### MATERIAL PROVIDED
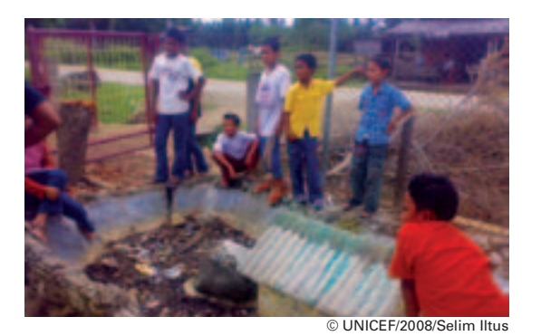
During a tour, children in Indonesia point to undesirable environmental features in their community.

b. Community tours. Taking tours with children is one of the best ways to understand key features of a community. During these tours, children point out factors they think are important, and the facilitator asks questions to better understand the issues. Taking photos and videos during the tours helps with review and communication with other groups. Children can be creative photographers and filmmakers.
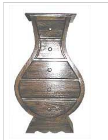
CODE: EB - 340B VASE CABINET B SIZE: W 75 X D 28 X H 110 (cm)
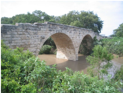
Clements Stone Arch Bridge. Post-HTF project. 03/2008.
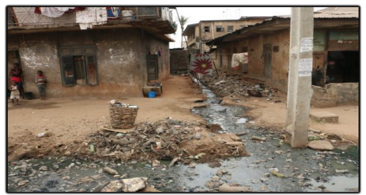
Figure 4: A cross-section of substandard residential buildings in unhygienic environment around the Olusosun dumpsite

### TASK GOAL
All the records above must be retyped exactly, except for their pictures.

### EXERCISE OUTPUT
During a tour, children in Indonesia point to undesirable environmental features in their community.

b. Community tours. Taking tours with children is one of the best ways to understand key features of a community. During these tours, children point out factors they think are important, and the facilitator asks questions to better understand the issues. Taking photos and videos during the tours helps with review and communication with other groups. Children can be creative photographers and filmmakers.
CODE: EB - 340B VASE CABINET B SIZE: W 75 X D 28 X H 110 (cm)
Clements Stone Arch Bridge. Post-HTF project. 03/2008.
Figure 4: A cross-section of substandard residential buildings in unhygienic environment around the Olusosun dumpsite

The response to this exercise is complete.